How does changing your own behavior change that of another? It doesn’t change it; it accesses a behavior within another’s repertoire. That is, it accesses a behavior from the current state of their nervous system from the many influences I described above.

Sometimes I don’t sleep well. If my wife says you’ve been grumpy all morning, whether I have or have not been grumpy, I’ll usually become grumpy in response to her spoken observation. If, on the other hand, she says, sorry you didn’t sleep well, I’m likely to say, “I’m okay,” and feel okay. She didn’t make me behave one way or the other. She accessed something within my repertoire. If I were a more even-tempered person, perhaps I wouldn’t have responded with grumpiness, no matter what she said. If she were conscious and desirous of accessing my more pleasant response, she’d have gone with the “sorry you didn’t sleep well.” All behavior stems from one entity accessing a behavior of another entity within that entity’s repertoire.

Reciprocity

As a couple who’ve been together for nearly four decades, my wife and I have had countless interactions. We perturbate the other and the other reacts within their repertoire. While experiencing these mutual perturbations millions of times with each other (and millions of times with others), we believe the fiction that we’re being responded to directly rather than we’ve accessed something within another’s repertoire. These mutual perturbations are the means of structural coupling with other human beings—in conventional language, the means of interpersonal relationships.

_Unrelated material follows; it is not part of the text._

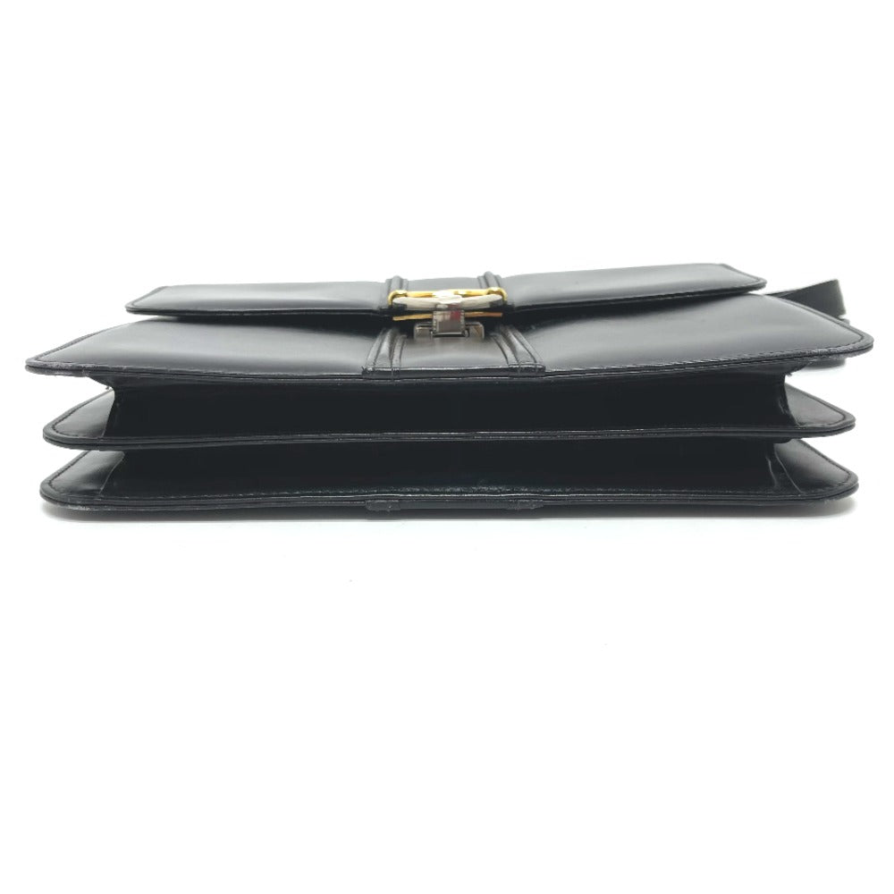 GUCCI Shoulder Bag leather black GGMetal Old Gucci Women Used Authentic

I propose that to learn to view relationships as mutual perturbations can be as quieting as meditation and as conflict reducing as competent marital counseling3 while no more elusive than either.


  1. That’s only theory. I’m baffled by our new washing machine.

  2. I use marriage and marriage counseling as shorthand for any committed coupling.

  3. It could also be included as something to practice during marital counseling.